2. Hiring more FIU staff – Yes, for some institutions this may be a viable and sustainable answer. If your staffing numbers are off by just a few people, adding a couple of more may be the best solution. Unfortunately though for most institutions, hiring the people needed to resolve large numbers of low value alerts is not possible without busting budgets. Moreover, trying to locate qualified FIU staff is not easy. The skills and experience analysts need are hard to find and unless your institution is in a larger city where you can poach FIU staff from another institution (which inevitably leads to unsustainable salary escalations) locating good candidates is a significant challenge.

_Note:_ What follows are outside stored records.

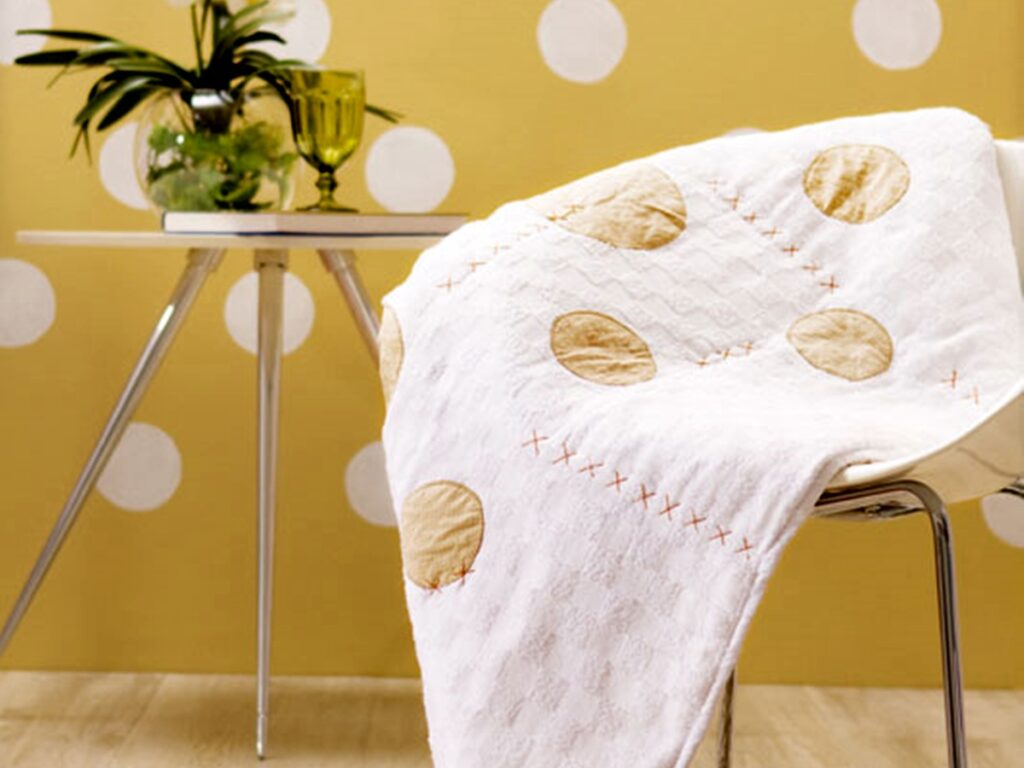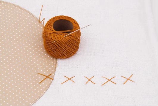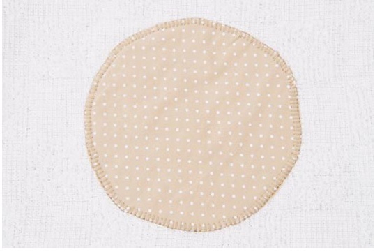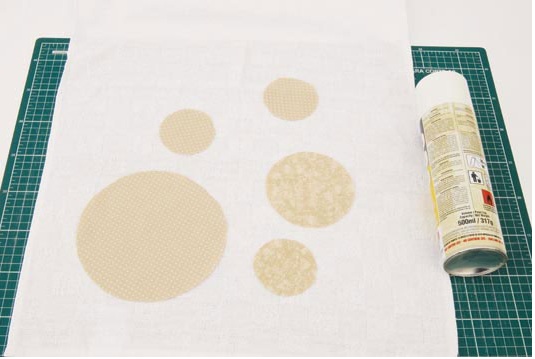 - Espalhe cola no avesso dos círculos e, em seguida, distribua-os aleatoriamente na manta formada com os panos de copa. Passe uma costura caseada à máquina ou à mão ao redor de cada círculo.
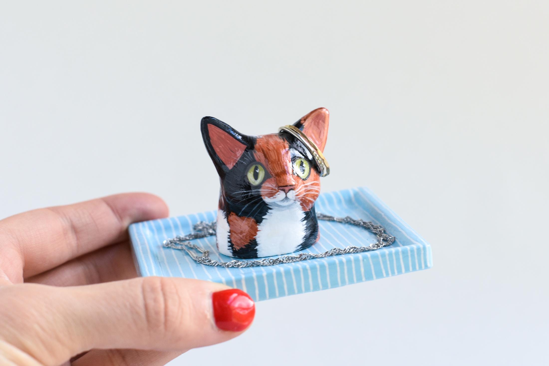 🐾 Custom Hand-Painted Cat Jewelry Dish — Personalized from Your Cat’s Photo
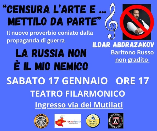 “‘Censura l’arte e…mettilo da parte”, potrebbe essere questo il nuovo proverbio della propaganda di guerra”, affermano in una nota alcune associazioni veronesi che contro la decisione di censurare il baritono russo Ildar Abdrazakov hanno annunciato per il 17 una manifestazione.
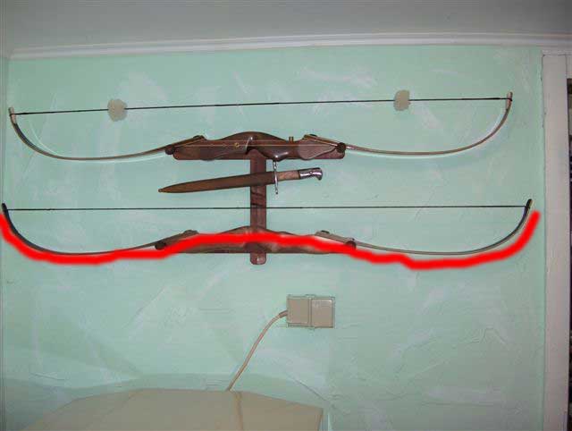 ne Sehne um 9cm eindrehen is nicht. Das ist ja dann fast eine Spiralfeder. Eine Sehne sollte max. 1" eingedreht werden. Nimm eine Sehne die 155-156 cm lang ist und dann reden wir weiter.
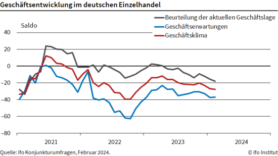 Das Geschäftsklima im Einzelhandel hat sich im Februar den dritten Monat in Folge verschlechtert, wie aus aktuellen Umfragen des Ifo-Instituts hervorgeht. „Das konjunkturelle Umfeld bleibt für den Einzelhandel weiter sehr herausfordernd“, meint dazu ifo-Experte Patrick Höppner. „Die Verbraucherinnen und Verbraucher halten sich beim Einkaufen zurück, das belastet die Geschäfte der Einzelhändler.“
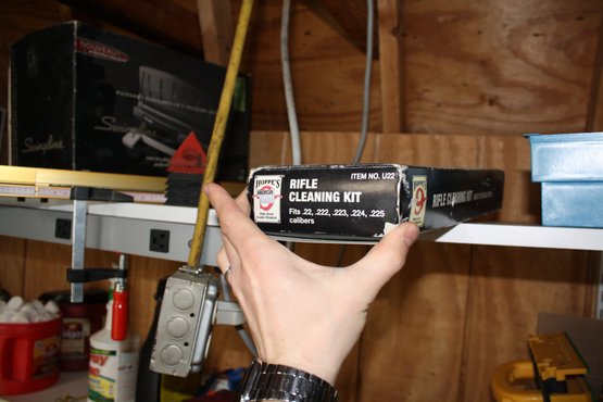 Hoppe’s No. 9 rifle cleaning kit designed for firearm maintenance and bore cleaning. Includes a 2 oz. bottle of Hoppe’s No. 9 solvent and lubricating oil, cleaning rod, caliber-specific bore brush, and cotton cleaning patches. Comes in a compact storage box for organized and convenient tool access. Suitable for routine rifle cleaning and maintenance.

3. Optimizing transaction monitoring application – Perhaps the best approach for most institutions is to make the application now in place better. While the efforts needed to optimize a monitoring application are not necessarily fully understood when purchasing a system, cost much more than imagined and are a constant necessity, they do provide the best ways to whittle down the numbers of low value alerts.
A note of caution: If a system is implemented properly, meaning the initial scenario selection and setting of thresholds is thoughtful and reasonable, subsequent tuning or optimization efforts will yield only mild improvements in alert quality usually reducing low value alerts by single percentage points. Getting a particular scenario’s low value alert percentage from 90% to 85% may not be cause for wild celebration, but over time these reductions can help limit budget increases and enable an FIU to operate with smaller inventories of alerts and hopefully avoid backlogs.
Tuning combines statistical analysis, knowledge of how money is laundered, and sound judgment to craft better detection scenarios. Some key things to consider when tuning a monitoring system include:
Not every type of transaction needs to be monitored through a vendor software application. Often institutions, using basic programming, develop better monitoring processes themselves.
The purpose of AML compliance is to file SARs. It is tempting to deploy scenarios to detect activity that sounds interesting, or are the AML issue de jour, but if these scenarios never yield a SAR, modify or retire them.
Tuning is not something done once a year. Tune your monitoring system each month or at least each quarter.
Examine non-transactional variables: Transaction volumes and values are the most common variables to alter when tuning. However, these variables may not always be those that are best at identifying suspicious activity. Analyzing SARs filed from the scenario being tuned may reveal what is most meaningful and it may have more to do with the duration or location of a customer’s activity.
Micro-target scenarios: Every FIU knows the frustration of seeing the same customer alert every month for normal or expected activity. FIUs are reluctant to suppress alerts for fear of missing something. Consider applying a subset of more narrow thresholds to these repeat customers that identifies their truly suspicious activity but does not alter the thresholds and scenarios applied to the general population of customers.
Change time line: Instead of a scenario looking at monthly activity, extend the monitoring period to quarterly or semi-annually. Stored value cards and loans are products that lend themselves to longer review periods.
Transaction monitoring systems have a long way to go before they become the type of tool that brings real effectiveness to AML. In the meantime the costs of maintaining and improving these systems will rise. Don’t let this reality force poor decision making that ends up jeopardizing compliance.